Funny that so many SO's think of "having a novel published" as the Holy Grail, some sort of ultimate, when I can say from experience that publishing is like a vast pyramid with the huge majority at "the bottom" (if you want to see it that way - meaning books that cause very little ripple and are forgotten in months).Those that reach the pinnacle (if you want to see it that way. . . ) may or may not be worthy in a literary sense.

Is it still worth doing? Of course. We write because we have to write. But I wish I'd been a little more realistic.
I understand about the comments - the most comments I ever got on a post was one I created from a Madmen avatar. I only wrote 15 words.

Please keep on writing. I don't know how to help but I do know how it feels to be the daughter, mother, cousin of people who have your "disease." And I also know how difficult it is to "sustain much happiness or joy"myself. But if this is of any value, it got better for me as I aged.
I had one thought the entire time while reading your post. Courage! I recognize courage in the truth and honesty of your words. This all would have escaped me a few years ago, had I not been traveling down the same recognizable path. I use to think courage was all about when I was at my best, when I had my "A" game. Pain and suffering have taught me otherwise.

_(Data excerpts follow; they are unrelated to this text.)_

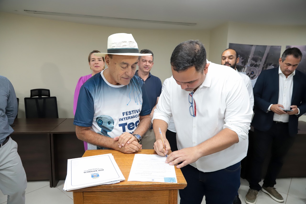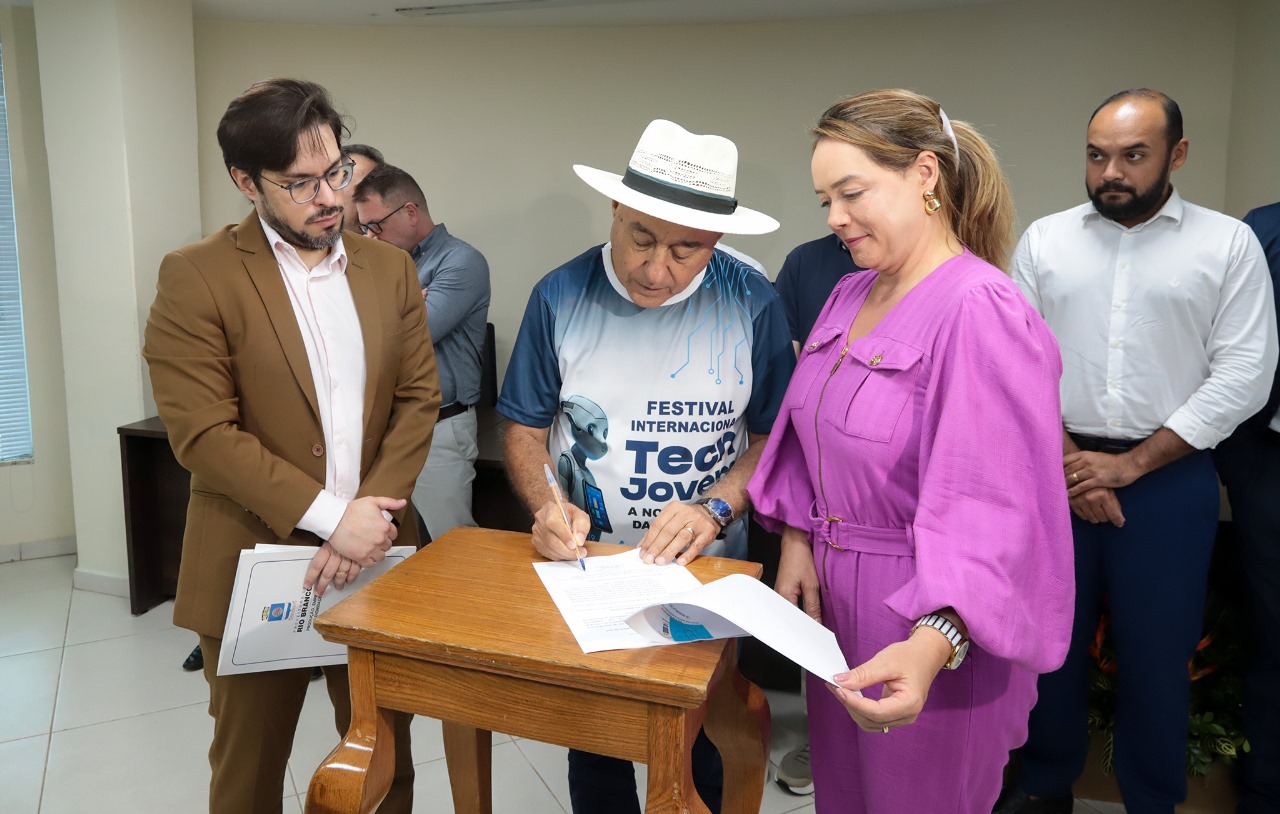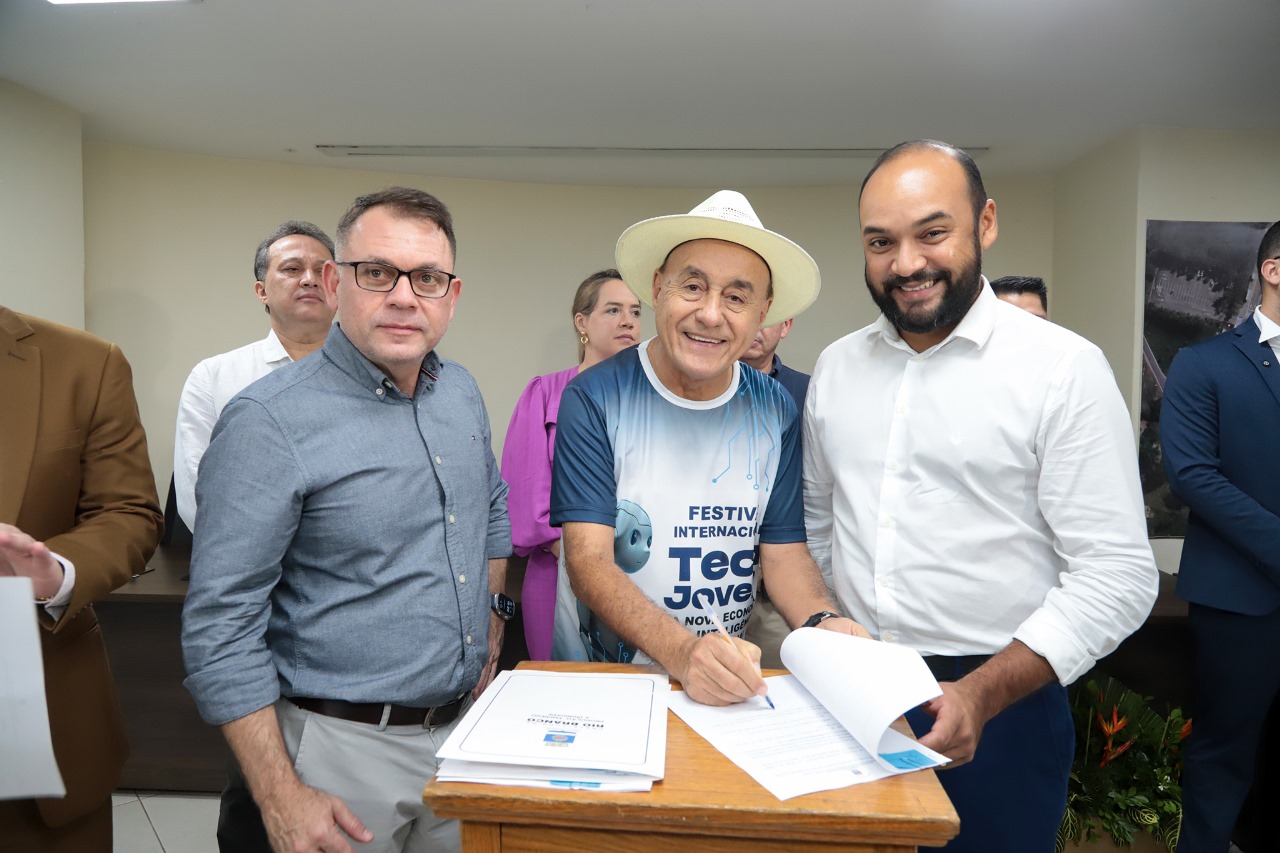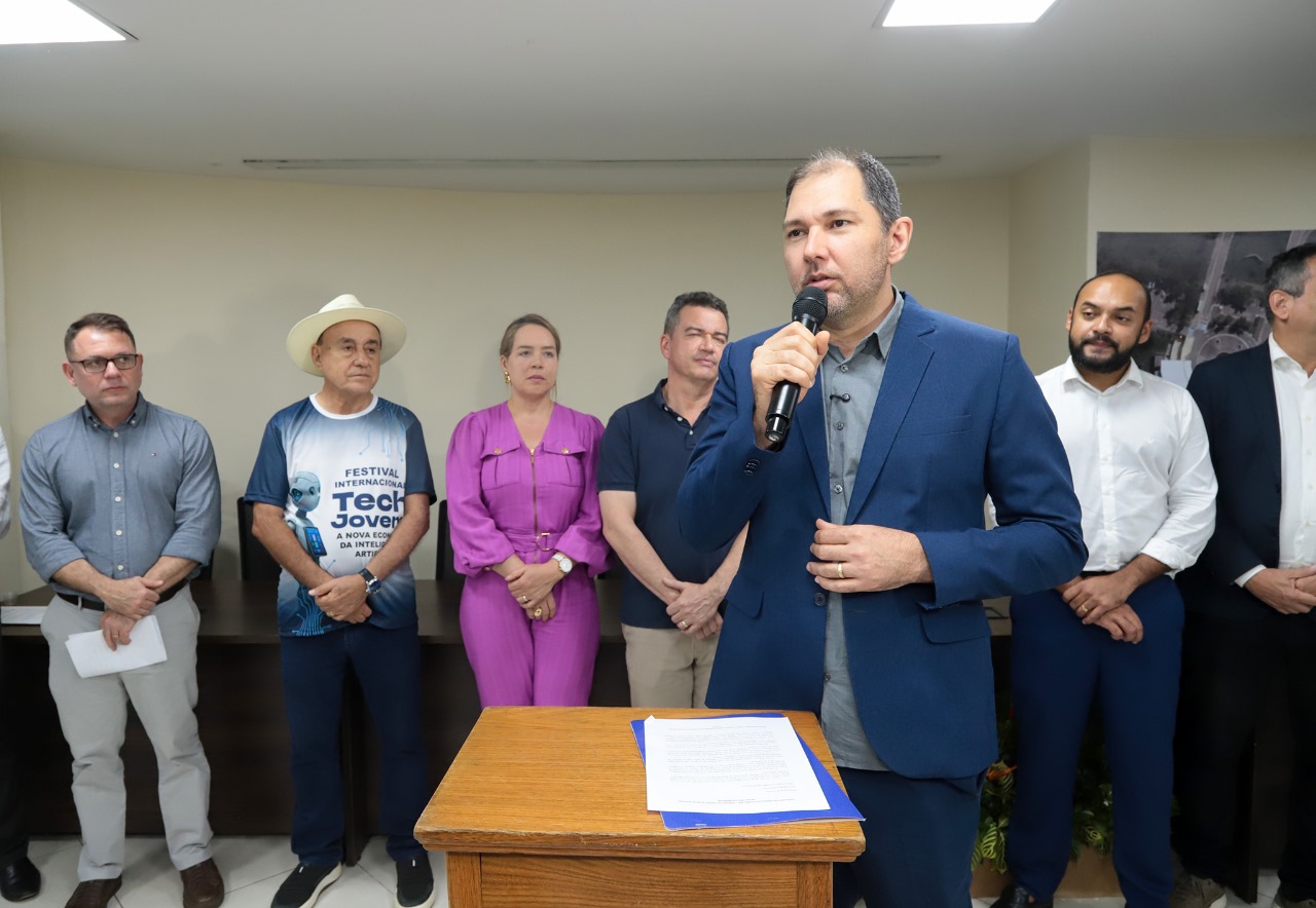 Outra lei também sancionada foi a lei nº 2.597, que institui a Semana do Brincar no Município de Rio Branco, de autoria do vereador e presidente da Câmara de Vereadores, Joabe Lira. (Foto: Val Fernandes/Secom)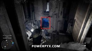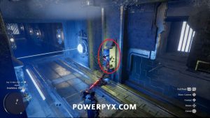Schnappen Sie sich den Energieblock in der Nähe und platzieren Sie ihn im Schlitz auf der rechten Seite. Dadurch beginnt sich die Plattform weiter unten im Flur über die Lücke im Boden hin und her zu bewegen.
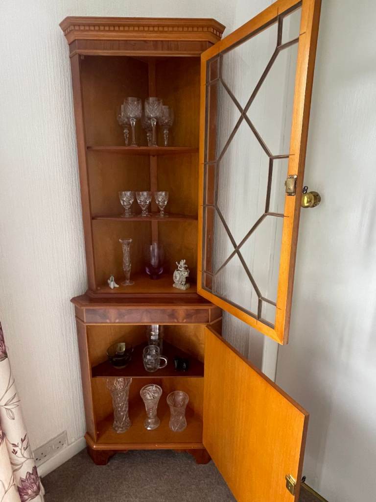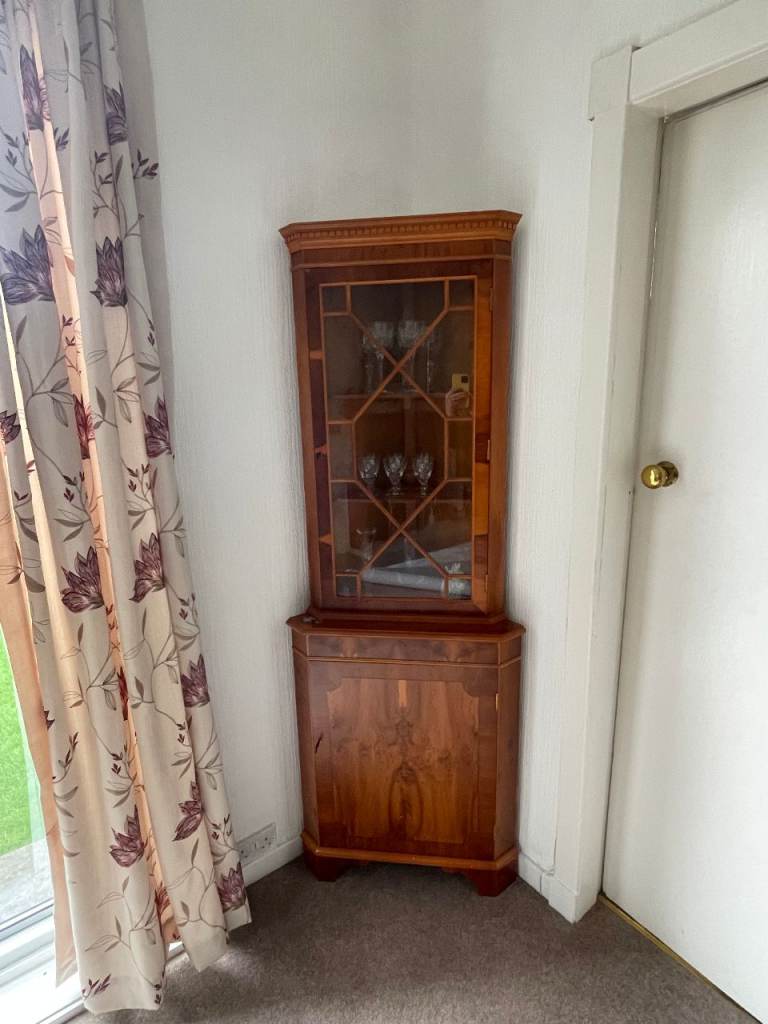 Yew furniture - sideboard, corner display cupboard and TV unit, available separately or discounted to £150 for all 3. Dining table and chairs in yew also available.

I just started reading The Road Less Traveled by M. Scott Peck. I'm sure that you are aware of it. If not, check it out.
Sometimes you have to tell the story: and it IS uncomfortable, and it DOES make other people wish you'd keep quiet and even pretend that it's OK and that it never happened. 12-step groups go on and on and on about "acceptance", as if the worst possible situations in life (especially for women) should just be swallowed without complaint. This passes for "mental health" for millions of people. Every day, in every way, someone shoots the messenger.